É como uma anti-heroína que Amy Dunne (Pike) se revela ao espectador no filme, que a roteirista Gillian Flynn adapta fielmente de seu próprio romance. Amy desaparece na manhã do seu quinto aniversário de casamento, na casa que divide com o marido Nick (Ben Affleck) na cidadezinha natal dele, no Missouri. À medida em que Nick vai se tornando, com os dias, o principal suspeito do sequestro (ou homicídio), ele percebe que talvez seja o verdadeiro alvo.

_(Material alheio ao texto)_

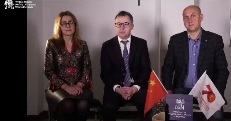 本网讯 2月20日早上,在学校紧张开展疫情防控工作之际,波兰合作院校波兹南亚当·密茨凯维奇大学发来声援视频及慰问函。波兰文学和古典文学学院院长托马什·米泽尔凯维奇(Tomasz Mizerkiewicz)教授、负责国内外合作事务的副院长克莉斯汀娜·皮尼昂舍克-马尔科维奇(Krystyna Pieniążek-Marković)教授、中国合作事务协调员拉法尔·蒂姆赤克(Rafał Dymczyk)教授共同录制慰问视频,表示全力支持中国防控新型冠状病毒感染肺炎疫情,关心中国师生身心健康,并对疫情结束后中波校际合作充满美好愿景。
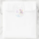 Sticker Classic Round Anniversaire avec une adorable licorne avec ailes, qui est entouré de photos mignonnes d'un château magique, des nuages et des bruits festifs.
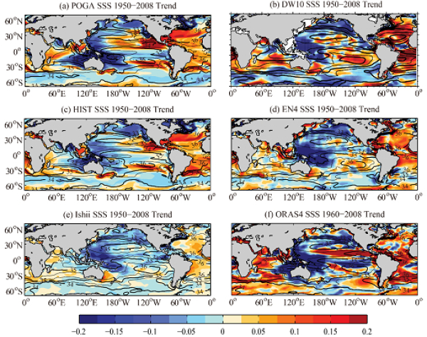 图1.6组不同数据集海表盐度长期变化趋势空间分布图。(a)POGA(1950-2008),(b)Durack and Wijffels(2010; 1950-2008),(c)HIST(1950-2008),(d)EN4(1950-2008),(e)Ishii(1950-2008),(e)ORAS4 (1960-2008),单位:PSU/10年

O filme – de duas horas e 25 minutos, lançado em 2014, mas que se mantém vivo, um novo clássico do cinema americano – mantém tanto a estrutura quanto as viradas do livro, e embora tenha se falado muito, durante a produção do longa, que o final poderia ser alterado, o desfecho de Garota Exemplar só faz pequenos ajustes em relação ao material original.
Notadamente, Fincher estende até o fim o circo midiático em torno de Amy e Nick, para dar um fecho mais apropriado ao teatro de aparências que está no centro da trama - tanto o teatro da investigação, com a manipulação da opinião pública, quanto o teatro do casamento, com suas projeções de expectativas.

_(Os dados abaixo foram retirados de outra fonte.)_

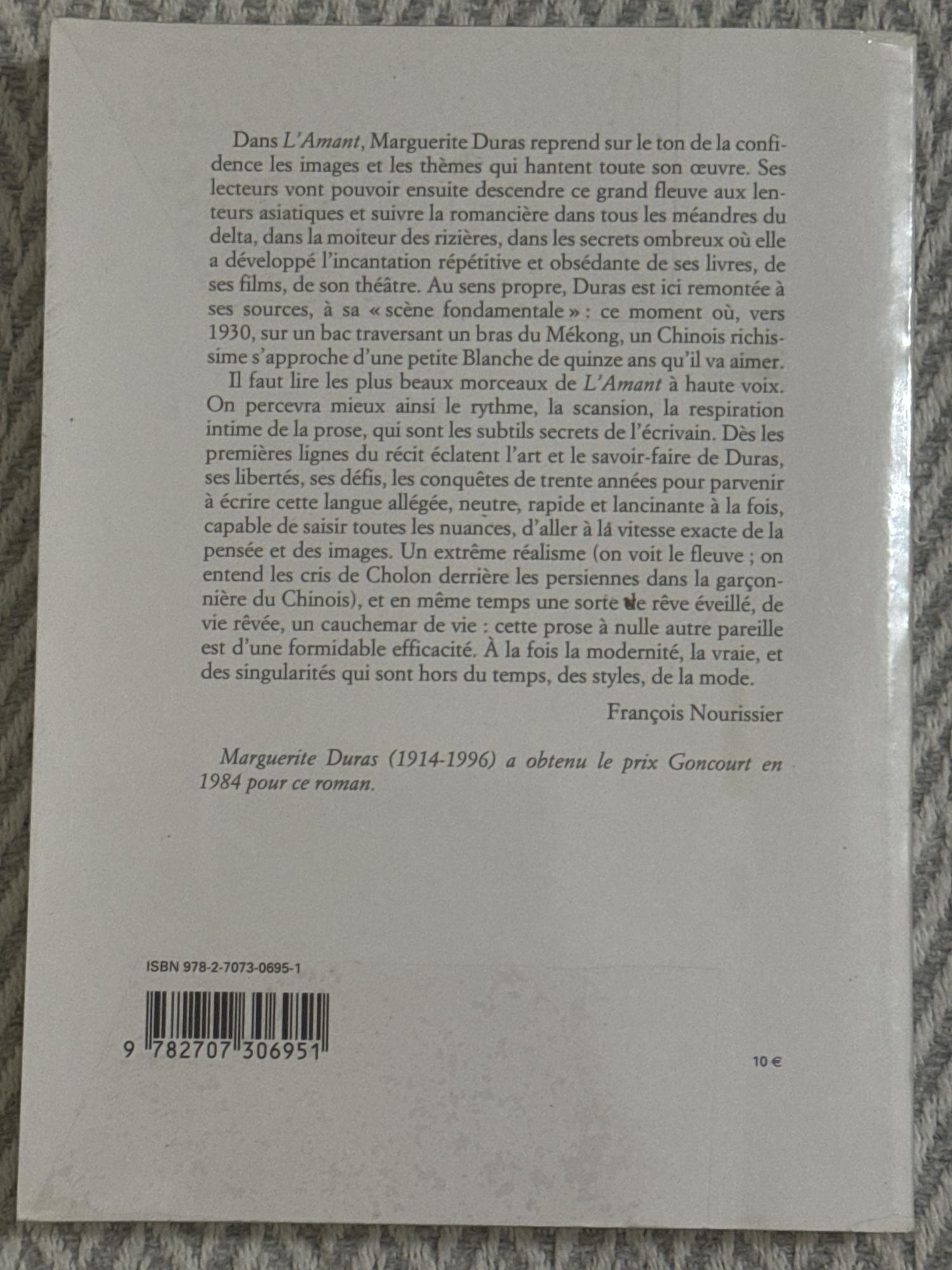 L’Amant narra la relación apasionada y controvertida entre una joven francesa proveniente de Indochina colonial y un hombre chino mucho mayor. Ambientada en Saigón durante los años de la China colonial, la novela explora las tensiones raciales, sociales y afectivas que atraviesan este romance prohibido.

O jogo de aparências perde um pouco o vigor se o espectador já souber da principal reviravolta do livro, mas isso não tira do filme a força do seu comentário sobre os relacionamentos. É o filme mais cínico de Fincher desde Clube da Luta e, assim como o longa de 1999, é do cinismo que vem o seu potencial cômico. Ben Affleck entende perfeitamente esse potencial e cria um Nick Dunne ridículo na medida, sem cair na caricatura.
Assim como a Amy de Rosamund Pike pode ser um símbolo, na mão de um Fincher sempre em flerte com a misoginia, da Mulher Pragmática dos dias de hoje, o Nick de Ben Affleck é a síntese do homem emasculado, numa América igualmente falida, enquadrada pela câmera de Fincher em ruas desertas, em letreiros de lojas fechadas.
É curioso que o diretor, tão apegado a seus filtros esverdeados, não filme tanto as cenas de exterior diurnas com essa pegada estetizante. É como se Fincher não precisasse mexer muito no que vê para deixar os EUA ainda mais desesperançosos.